Meditacion del Evangelio de hoy sábado, 14 de marzo

Hay que reconocer que Jesús sabía decir las cosas. Sencillamente contaba historias. Él no se dirigía a nadie en especial. En esta ocasión ni siquiera decía que todos los fariseos fuesen como el de la historia. Él sólo contaba la historia de “un” fariseo. El protagonistas de su historia era un fariseo pero también había podido ser un cartero o un policía o un maestro o un soldado o un sacerdote o… Y podemos seguir poniendo todas las profesiones del mundo. Porque en todas las profesiones hay gente que se siente muy seguro de sí mismo. Y que, no sabemos si para sentirse aún más seguros de sí mismos terminan despreciando a los demás y mirándolos de arriba a abajo. Repito. No estoy seguro de si se sienten seguros de sí mismos y por eso desprecian a los demás o si desprecian a los demás para poderse sentir seguros de sí mismos.

Lo malo no es sentirse seguro. Lo malo es despreciar a los demás, tanto si es consecuencia como si es causa de la seguridad propia. Porque los demás son hermanos y hermanas. En este mundo todos estamos al mismo nivel. Todos cargamos con nuestras miserias –y esos que se sienten tan seguros de sí mismos también las llevan consigo, aunque a veces no quieran  mirarlas, las nieguen o las escondan bajo tierra–. La verdad es que todos tenemos el tejado de cristal. Ya lo dijo Jesús, cuando lo de la pecadora a la que querían lapidar: “El que esté libre de pecado, que tire la primera piedra.” Y todos se fueron.

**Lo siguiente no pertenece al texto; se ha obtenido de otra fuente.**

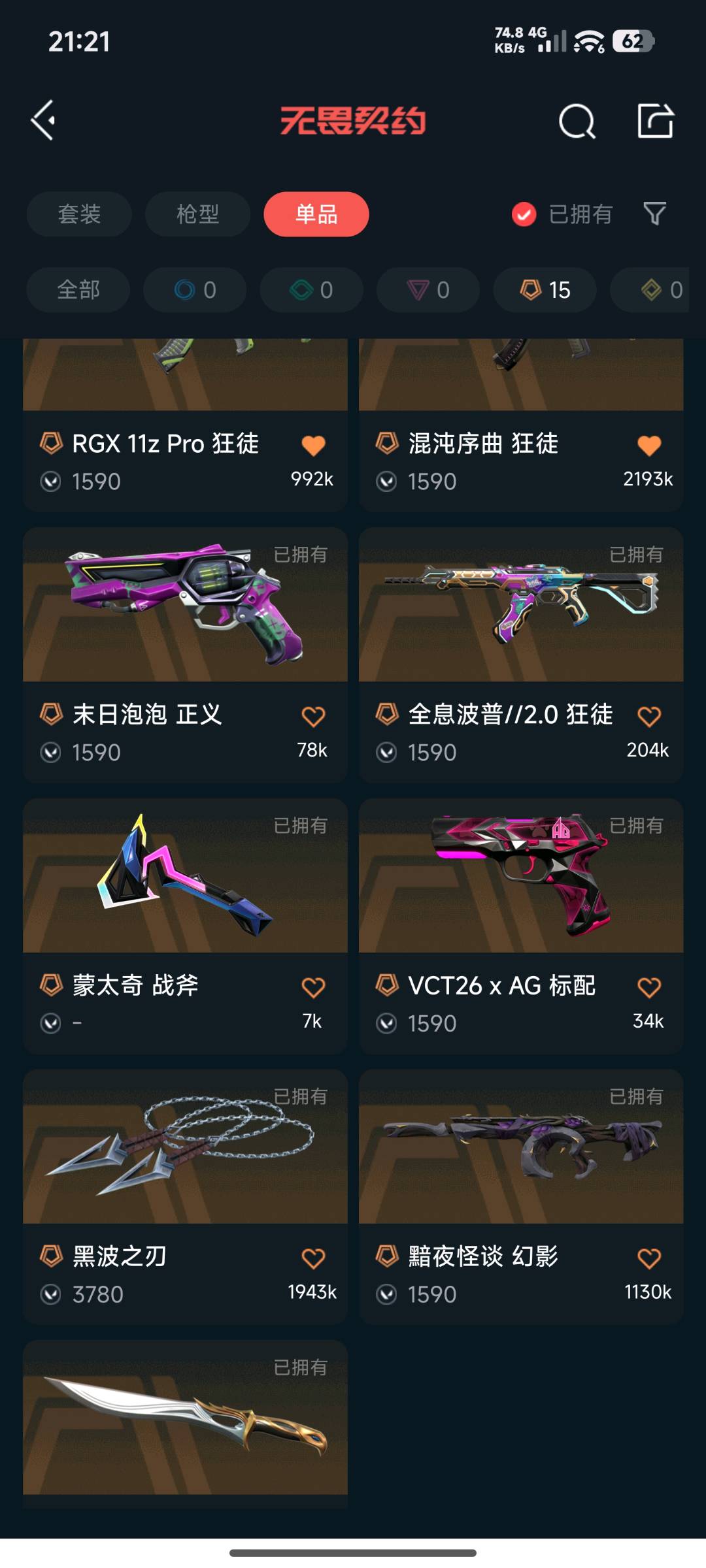 多皮肤;黑波之刃,RGX 11z Pro 狂徒,混沌序曲 狂徒,堕天遗武 冥驹,RGX 11z Pro//3.0 莽侠,天界神兵 鬼魅,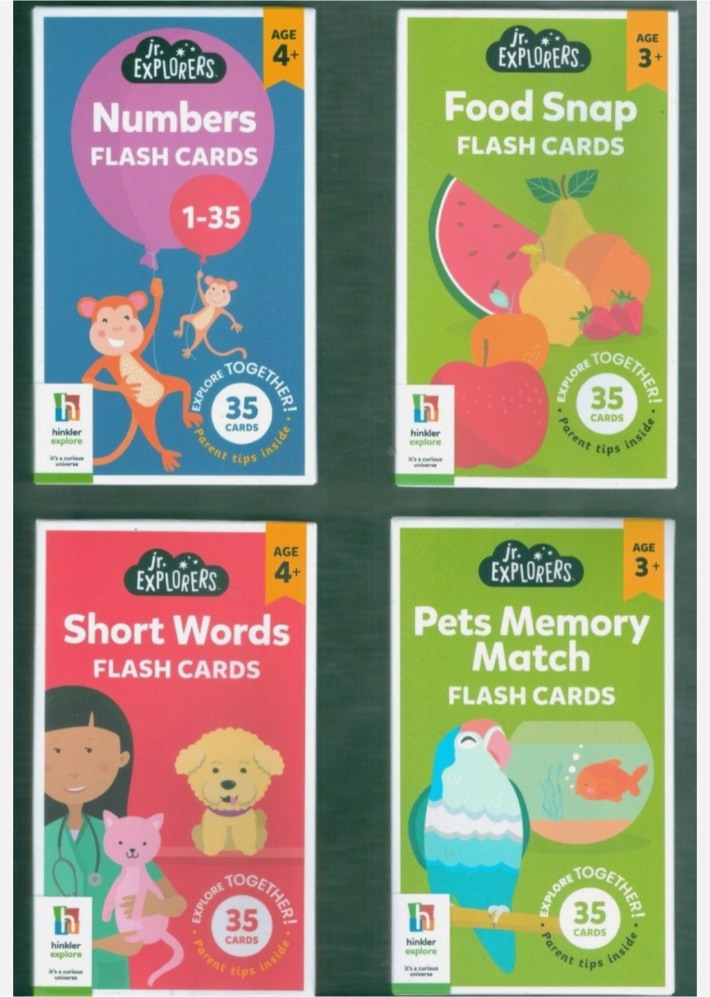 I'm offering a bundle of Hinkler Jr. Explorers flash cards! This set includes four different sets: Pets Memory Match, Food Snap, Numbers 1-35, and Short Words. Each set is designed to help your child with early learning skills in a fun and engaging way. Perfect for kids aged 3+ and 4+! Meet up & cash only pls Meet up is in Nobleton Cards are new

Pero lo más importante, lo que de verdad nos une, no es la miseria que todos llevamos consigo, no es nuestra historia personal de errores y meteduras de pata. Lo que realmente nos une es que somos creación de Dios, hechura de sus manos, creación gratuita de su amor generoso, dignísimos destinatarios de su misericordia, de su amor, de su perdón. Eso es lo más importante que tenemos. Todo eso hace de nosotros una familia. Eso ciertamente es lo único que nos puede hacer sentir seguros de nosotros mismos: que Dios nos ha mirado con buenos ojos, que nos ama, que desea nuestra vida. A mí y a todos los demás. Que tiene para nosotros toda la misericordia y compasión del mundo. Para mí y para mis hermanos y hermanas. Ahí nace la verdadera auto-estima y la posibilidad de sentirnos seguros. Sin ninguna necesidad, por supuesto, de despreciar a los demás ni de sentirnos más que nadie.